> **Assignment**
Everything in the records below except the images should be output exactly as written.

> **Data provided**
···

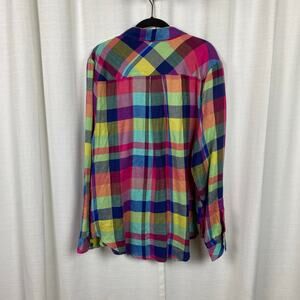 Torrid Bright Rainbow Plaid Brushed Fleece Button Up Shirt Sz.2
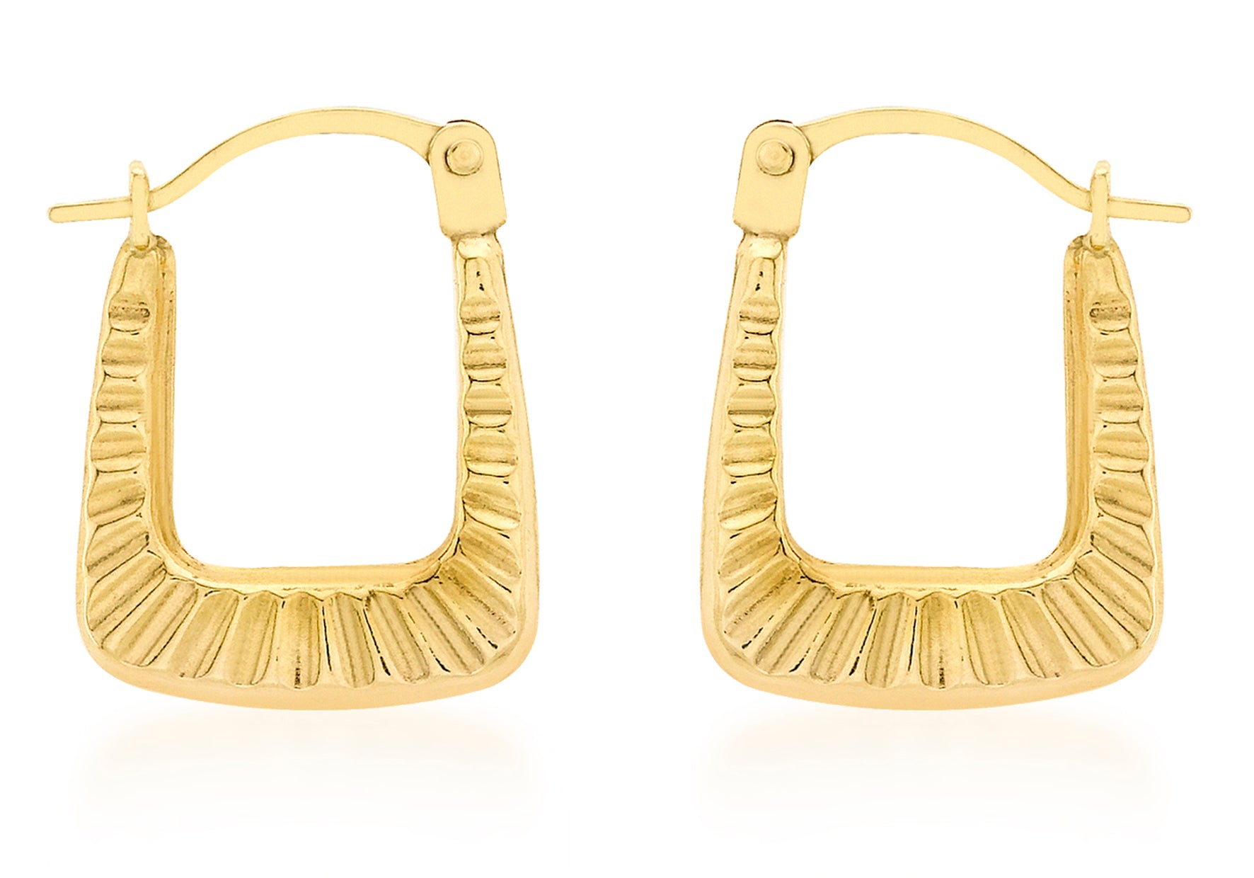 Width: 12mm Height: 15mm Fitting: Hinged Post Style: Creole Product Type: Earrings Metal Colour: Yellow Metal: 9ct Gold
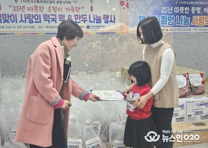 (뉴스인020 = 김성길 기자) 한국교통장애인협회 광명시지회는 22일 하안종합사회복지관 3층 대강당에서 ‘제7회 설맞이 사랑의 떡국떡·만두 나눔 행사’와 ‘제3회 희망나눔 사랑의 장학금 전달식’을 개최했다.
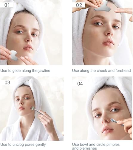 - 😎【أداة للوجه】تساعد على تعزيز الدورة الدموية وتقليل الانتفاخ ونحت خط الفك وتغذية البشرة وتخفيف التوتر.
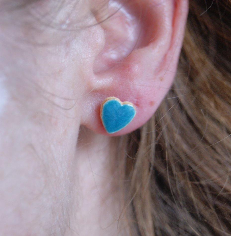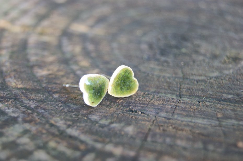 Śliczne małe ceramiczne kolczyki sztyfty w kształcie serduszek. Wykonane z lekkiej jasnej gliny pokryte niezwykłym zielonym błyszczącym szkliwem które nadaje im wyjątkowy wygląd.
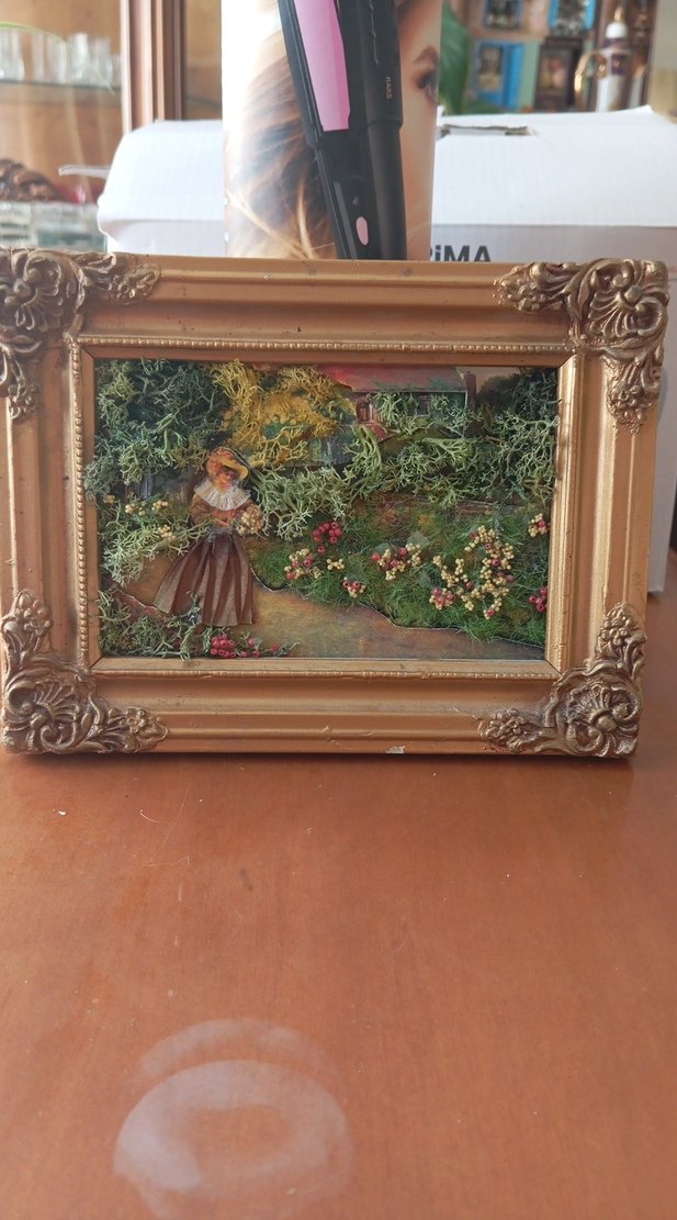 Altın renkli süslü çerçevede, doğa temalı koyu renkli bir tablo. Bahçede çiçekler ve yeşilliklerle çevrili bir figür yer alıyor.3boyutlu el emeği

···

> **Output of the task**
 Torrid Bright Rainbow Plaid Brushed Fleece Button Up Shirt Sz.2
 Width: 12mm Height: 15mm Fitting: Hinged Post Style: Creole Product Type: Earrings Metal Colour: Yellow Metal: 9ct Gold
 (뉴스인020 = 김성길 기자) 한국교통장애인협회 광명시지회는 22일 하안종합사회복지관 3층 대강당에서 ‘제7회 설맞이 사랑의 떡국떡·만두 나눔 행사’와 ‘제3회 희망나눔 사랑의 장학금 전달식’을 개최했다.
 - 😎【أداة للوجه】تساعد على تعزيز الدورة الدموية وتقليل الانتفاخ ونحت خط الفك وتغذية البشرة وتخفيف التوتر.
 Śliczne małe ceramiczne kolczyki sztyfty w kształcie serduszek. Wykonane z lekkiej jasnej gliny pokryte niezwykłym zielonym błyszczącym szkliwem które nadaje im wyjątkowy wygląd.
 Altın renkli süslü çerçevede, doğa temalı koyu renkli bir tablo. Bahçede çiçekler ve yeşilliklerle çevrili bir figür yer alıyor.3boyutlu el emeği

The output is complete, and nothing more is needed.